Supplied information
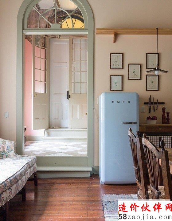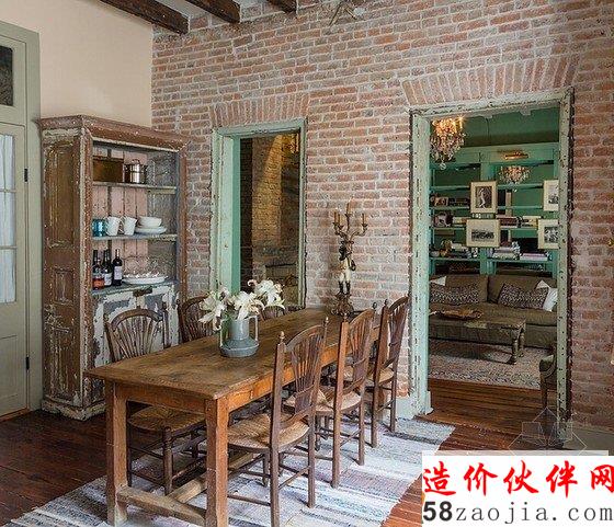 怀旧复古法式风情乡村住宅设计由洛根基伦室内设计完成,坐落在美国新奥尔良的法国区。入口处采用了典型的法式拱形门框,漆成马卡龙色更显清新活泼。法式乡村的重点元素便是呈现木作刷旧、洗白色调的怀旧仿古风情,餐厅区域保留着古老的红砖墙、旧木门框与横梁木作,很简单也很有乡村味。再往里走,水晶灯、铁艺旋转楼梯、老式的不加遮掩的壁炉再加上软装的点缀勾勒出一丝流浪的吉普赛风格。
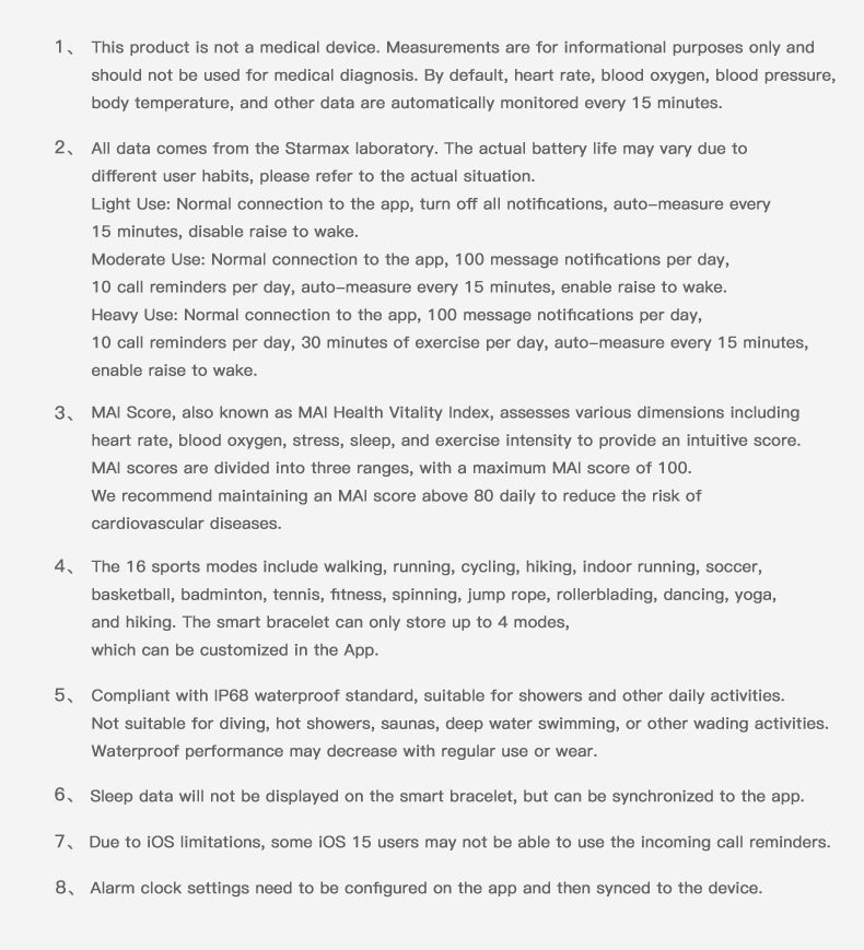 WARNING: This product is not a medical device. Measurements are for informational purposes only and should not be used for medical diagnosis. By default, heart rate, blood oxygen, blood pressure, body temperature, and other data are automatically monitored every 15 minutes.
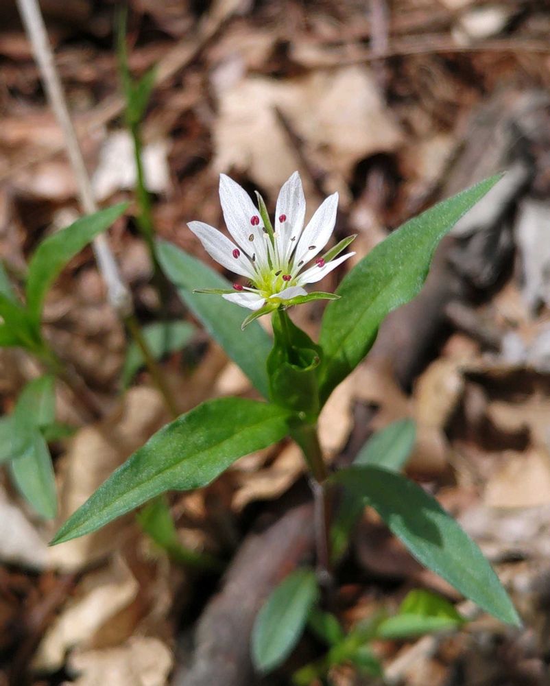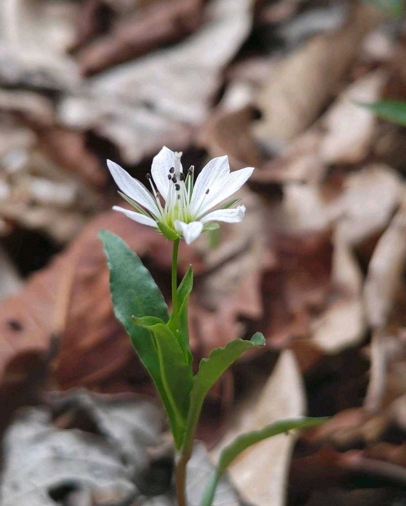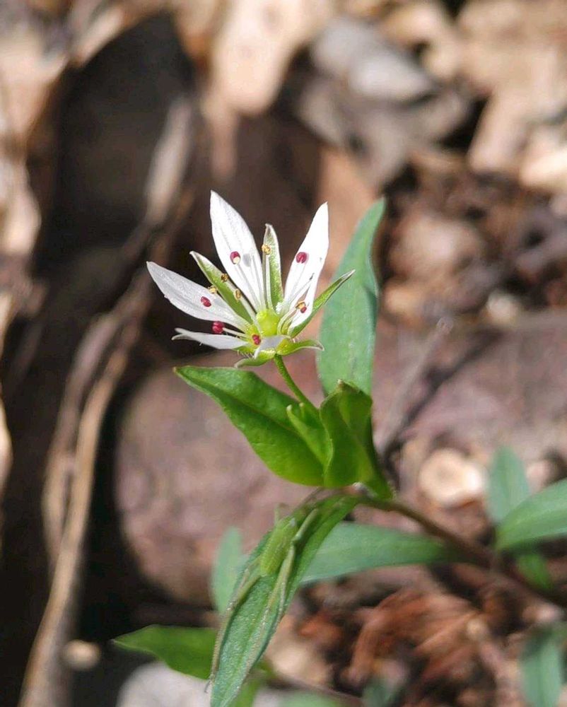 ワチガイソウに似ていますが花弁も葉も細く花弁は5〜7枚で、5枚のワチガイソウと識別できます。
==
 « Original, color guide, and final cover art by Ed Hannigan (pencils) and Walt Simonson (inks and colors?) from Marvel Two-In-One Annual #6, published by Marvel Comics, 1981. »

Task directions
Start at the line above containing "怀旧复古法式风情乡村住宅设计" and stop at the line containing "ワチガイソウに似ていますが花": print those lines and everything between them exactly, but not the pictures.

Task answer
 怀旧复古法式风情乡村住宅设计由洛根基伦室内设计完成,坐落在美国新奥尔良的法国区。入口处采用了典型的法式拱形门框,漆成马卡龙色更显清新活泼。法式乡村的重点元素便是呈现木作刷旧、洗白色调的怀旧仿古风情,餐厅区域保留着古老的红砖墙、旧木门框与横梁木作,很简单也很有乡村味。再往里走,水晶灯、铁艺旋转楼梯、老式的不加遮掩的壁炉再加上软装的点缀勾勒出一丝流浪的吉普赛风格。
 WARNING: This product is not a medical device. Measurements are for informational purposes only and should not be used for medical diagnosis. By default, heart rate, blood oxygen, blood pressure, body temperature, and other data are automatically monitored every 15 minutes.
 ワチガイソウに似ていますが花弁も葉も細く花弁は5〜7枚で、5枚のワチガイソウと識別できます。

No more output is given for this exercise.